Numerous scriptural stories of call include patterns of denial and resistance. Sarah laughs in disbelief. Moses fears public speaking. Jeremiah feels he is too young. Jonah runs from Ninevah. In some ways my call to diaconal ministry reflects that pattern of denial and resistance. For 23 years, I was ordained to Word, Sacrament and Pastoral Care. In 2003, I was commissioned to diaconal ministry of Education, Service and Pastoral Care. I avoided this switch for a number of years.

At seminary in the 70s, I was aware of the option for, of what was then called, commissioned ministry. However, I chose ordained ministry without questioning, largely because it was the norm. In the late 80’s, I was in a Conference staff position doing work mostly focused on education and justice. At a national gathering, I was in conversation with one of my diaconal friends. She was sharing her passion for diaconal ministry. I don’t remember the exact course of the conversation but at some point I erupted defensively and said, “So should I give up my ordination and become diaconal because the kind of work I am doing is more diaconal than ordained?” She looked back at me, shrugged and said, splitting the syllables, “May . . . be.”

At the time it seemed an absurd suggestion: complicated, unnecessary, outrageous and even, a bit scary. Now, with the benefit of hindsight, the move carries a sense of faithful inevitability. I do not regret, in any way, the blessing of my years as an ordained person. The church offered me opportunities for growth that honoured my gifts and enhanced my skills. I do not suggest that this move is right for anyone else. It was, and is, right for me; to not make this change would have been dishonest and cowardly.

In 1998, I had been hired to teach at the Centre for Christian Studies. That fall, the (now defunct) national Committee on Diaconal Ministry met in Winnipeg. There was a time of connection with committee and staff. At a break, one of the questions directed toward me was, “So you’re ordained; how does that influence your work with diaconal students?” Not wanting to be apologetic or defensive, I explained that most of my ministry had been diaconal in function and I hoped in style. It was a nudge.

In the fall of 1999, while facilitating a session on diaconal formation, a student started venting, “It kind of bugs me when some non-diaconal folk say ‘I work in a diaconal style’, when they don’t have to walk the diaconal walk.” I didn’t want to be in that position. It felt hypocritical, even dishonest.

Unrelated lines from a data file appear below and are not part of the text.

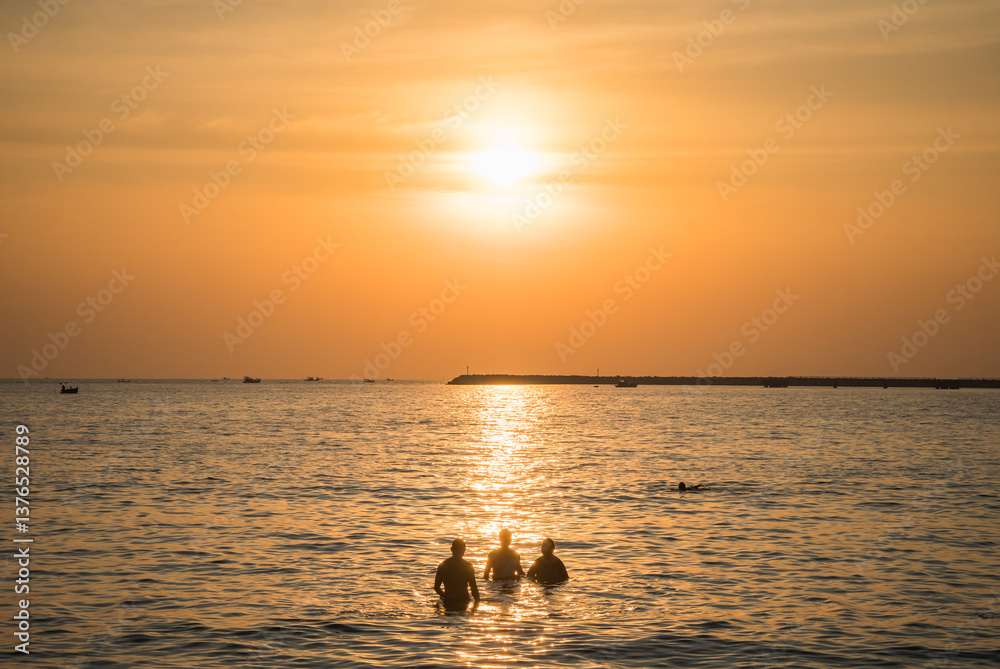 A Beautiful Serene Sunset Over the Calm Sea with Boats Sail Gently Across the Waters Surface, Phu Quoc, Vietnam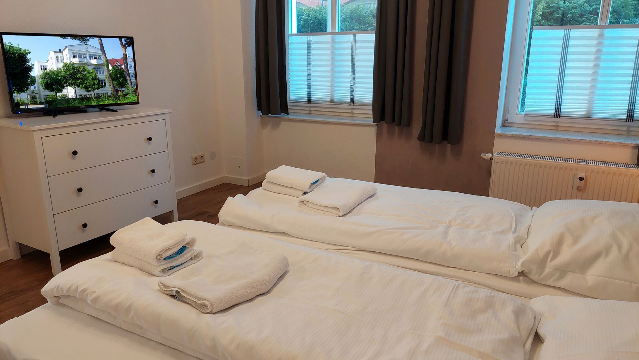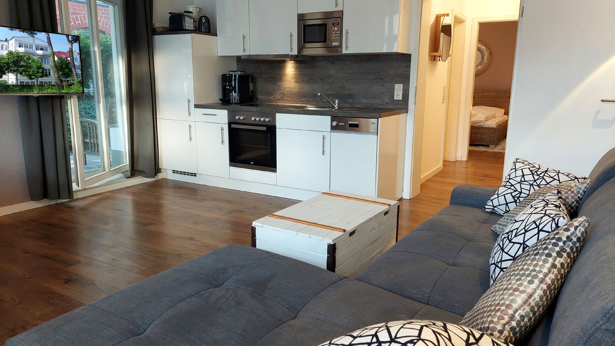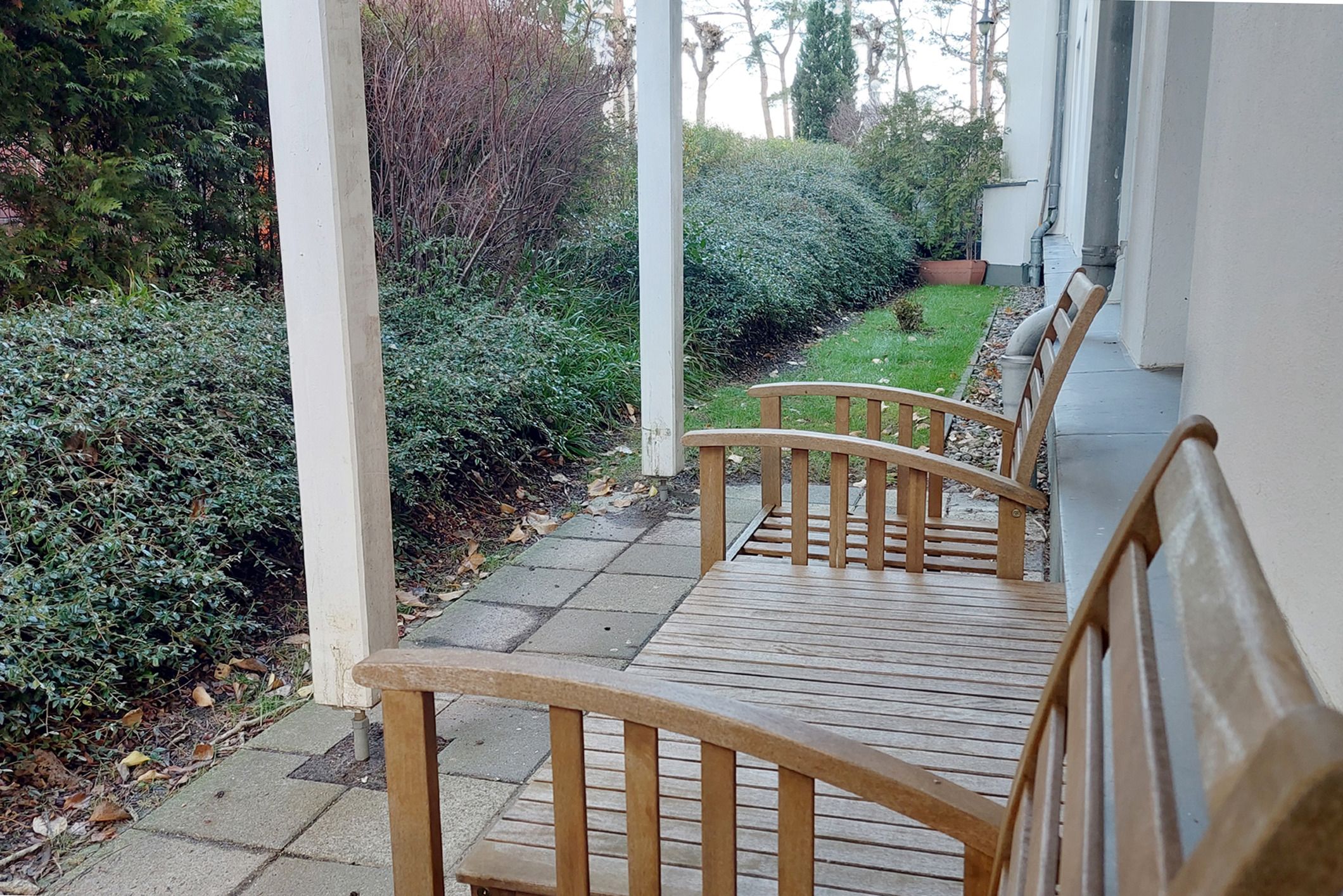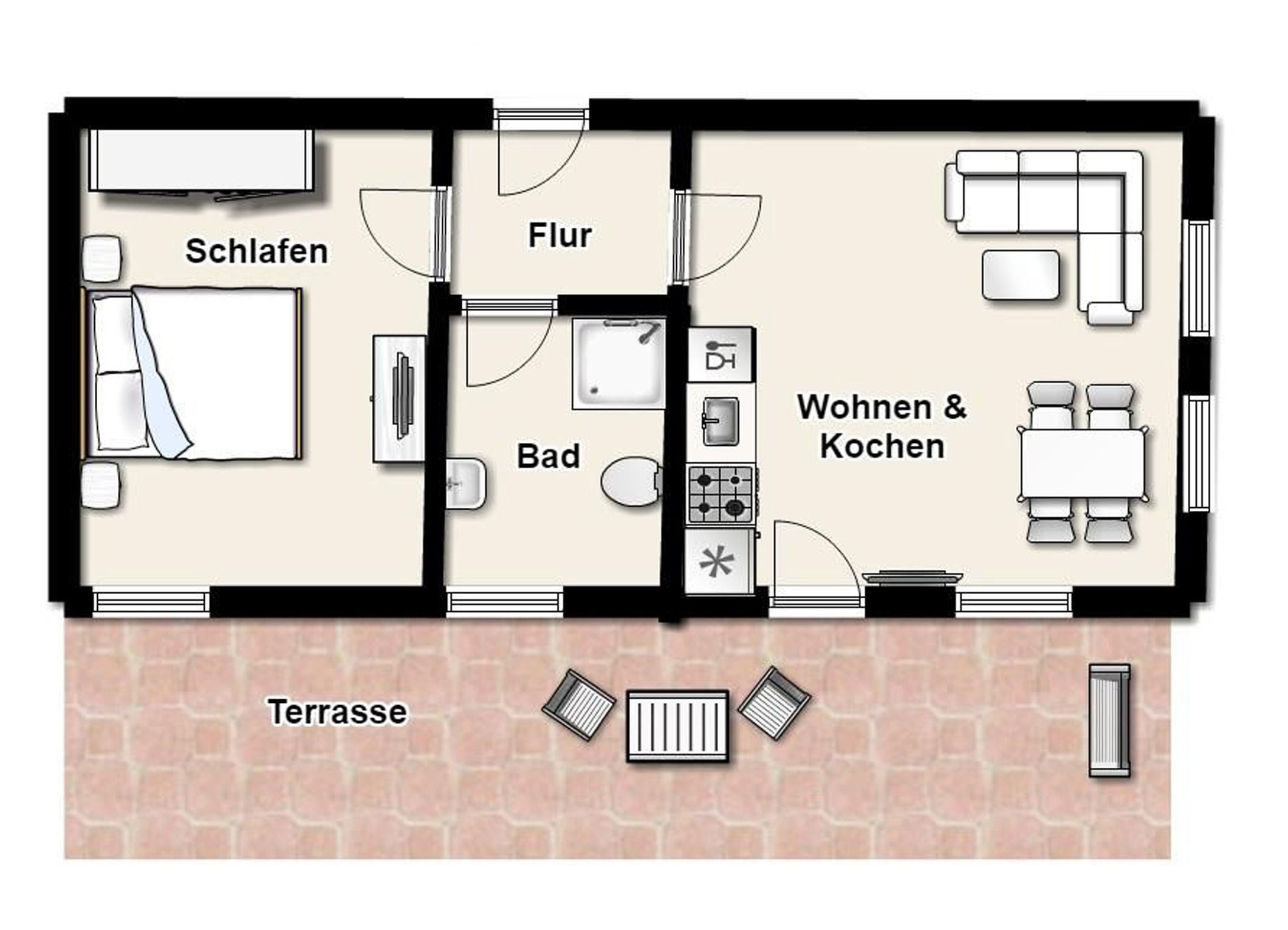 Es erwartet Sie die ebenerdige 2-Raum-Nichtraucherwohnung 30RB4 im Erdgeschoß der Villa Frigga. Sie ist 52 qm groß, verfügt über zwei Terrassen und ist für bis zu 4 Personen ausgelegt.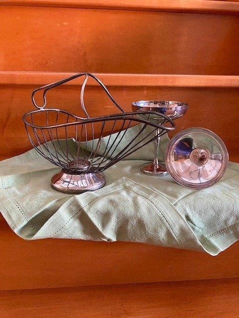 A silver plated brass wine holder and silver plated wine or champagne goblets. Made in Italy. Selling all three items together or separately. All together is $30 as a bundle. Unbundled $20 for the goblets and $20 for the wine holder basket. All is excellent condition but wine holder can use a polish. From a smoke and pet free home. Pickup only in the St. Lawrence market area of downtown Toronto. Cash only.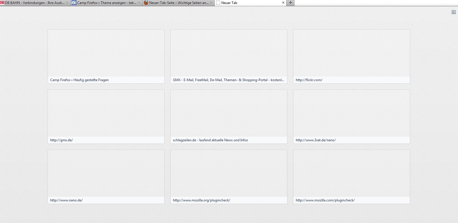 Seit Version 13 gibt es ja diese Vorschau der tabs bzw. Chronik-Rückschau mit neun tabs auf der Startseite. Leider sind die bei mir nicht bebildert, sondern es stehen "nur" die URLs oder Kurzinfos als Text da.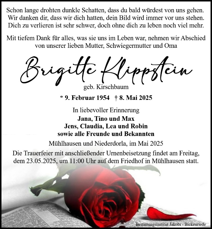mit dem Unbegreiflichen zu leben. Liebe Familie Klippstein, mit einem stillen Händedruck bekunden wir Ihnen unser aufrichtiges Beileid. Wir wünschen Ihnen viel Kraft für die Zeit des Abschieds und der Trauer.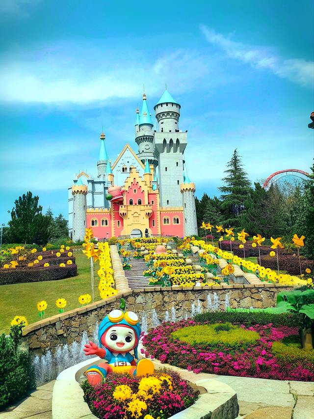 童话城堡前繁花似锦,可爱人偶点缀,满是梦幻童趣与夏日生机。

In May 2000, the Diakonia of the United Church of Canada gathered for their biennial meeting. For the first time, I was a part of this national community. We discussed diaconal history, perspective, advocacy and international organizations. I was welcomed and included. I considered this community of acceptance, accountability and advocacy to be “my people” — and I wanted to make a deeper commitment. I didn’t want to just claim “adherent” status.

The United Church defines diaconal ministry in terms of function. We commission diaconal ministers to Education, Service and Pastoral Care. Many diaconal ministers do work in community ministries, lead congregational youth and family efforts, serve in chaplaincies. However, many diaconal ministers function in so-called “solo” ministries where a heavy emphasis is placed on Sunday morning worship and sacramental leadership. A certain level of tension surrounds this deployment of diaconal ministers into what is/was traditionally ordained territory. Personally, I find much of the discussion is layered with a competitive spirit that is less than a gracious ideal. I believe the functional way of defining ministry reduces vocation to a job description. And it does not adequately address any sense of confusion or misunderstanding amongst the various streams of ministry.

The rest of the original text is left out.